--- START ---

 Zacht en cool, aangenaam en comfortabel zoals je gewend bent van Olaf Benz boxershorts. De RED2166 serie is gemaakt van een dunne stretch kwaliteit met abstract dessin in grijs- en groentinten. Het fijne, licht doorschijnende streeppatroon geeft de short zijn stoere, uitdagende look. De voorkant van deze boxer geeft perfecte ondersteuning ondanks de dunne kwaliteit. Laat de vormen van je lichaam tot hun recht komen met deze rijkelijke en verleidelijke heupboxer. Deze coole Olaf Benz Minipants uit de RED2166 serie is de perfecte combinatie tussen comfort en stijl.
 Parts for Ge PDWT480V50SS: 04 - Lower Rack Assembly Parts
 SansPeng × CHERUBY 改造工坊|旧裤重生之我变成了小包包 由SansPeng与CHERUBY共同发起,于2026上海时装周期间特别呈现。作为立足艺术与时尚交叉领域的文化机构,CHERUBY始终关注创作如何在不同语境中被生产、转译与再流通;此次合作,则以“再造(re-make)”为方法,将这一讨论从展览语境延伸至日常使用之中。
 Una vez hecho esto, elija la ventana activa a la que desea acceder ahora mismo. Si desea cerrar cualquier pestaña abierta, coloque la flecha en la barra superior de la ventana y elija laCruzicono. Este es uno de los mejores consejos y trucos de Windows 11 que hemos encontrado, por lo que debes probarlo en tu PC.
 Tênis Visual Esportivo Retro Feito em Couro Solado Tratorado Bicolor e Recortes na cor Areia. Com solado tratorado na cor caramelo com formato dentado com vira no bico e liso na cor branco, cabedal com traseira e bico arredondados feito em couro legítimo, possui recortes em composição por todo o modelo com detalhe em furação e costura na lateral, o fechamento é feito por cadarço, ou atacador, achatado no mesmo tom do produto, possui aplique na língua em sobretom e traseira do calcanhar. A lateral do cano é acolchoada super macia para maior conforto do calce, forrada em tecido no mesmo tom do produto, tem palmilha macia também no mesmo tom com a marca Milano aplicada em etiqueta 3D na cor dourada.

--- END ---

Task item:
Your task is to copy every entry above, exactly as written.

Worked solution:
 Zacht en cool, aangenaam en comfortabel zoals je gewend bent van Olaf Benz boxershorts. De RED2166 serie is gemaakt van een dunne stretch kwaliteit met abstract dessin in grijs- en groentinten. Het fijne, licht doorschijnende streeppatroon geeft de short zijn stoere, uitdagende look. De voorkant van deze boxer geeft perfecte ondersteuning ondanks de dunne kwaliteit. Laat de vormen van je lichaam tot hun recht komen met deze rijkelijke en verleidelijke heupboxer. Deze coole Olaf Benz Minipants uit de RED2166 serie is de perfecte combinatie tussen comfort en stijl.
 Parts for Ge PDWT480V50SS: 04 - Lower Rack Assembly Parts
 SansPeng × CHERUBY 改造工坊|旧裤重生之我变成了小包包 由SansPeng与CHERUBY共同发起,于2026上海时装周期间特别呈现。作为立足艺术与时尚交叉领域的文化机构,CHERUBY始终关注创作如何在不同语境中被生产、转译与再流通;此次合作,则以“再造(re-make)”为方法,将这一讨论从展览语境延伸至日常使用之中。
 Una vez hecho esto, elija la ventana activa a la que desea acceder ahora mismo. Si desea cerrar cualquier pestaña abierta, coloque la flecha en la barra superior de la ventana y elija laCruzicono. Este es uno de los mejores consejos y trucos de Windows 11 que hemos encontrado, por lo que debes probarlo en tu PC.
 Tênis Visual Esportivo Retro Feito em Couro Solado Tratorado Bicolor e Recortes na cor Areia. Com solado tratorado na cor caramelo com formato dentado com vira no bico e liso na cor branco, cabedal com traseira e bico arredondados feito em couro legítimo, possui recortes em composição por todo o modelo com detalhe em furação e costura na lateral, o fechamento é feito por cadarço, ou atacador, achatado no mesmo tom do produto, possui aplique na língua em sobretom e traseira do calcanhar. A lateral do cano é acolchoada super macia para maior conforto do calce, forrada em tecido no mesmo tom do produto, tem palmilha macia também no mesmo tom com a marca Milano aplicada em etiqueta 3D na cor dourada.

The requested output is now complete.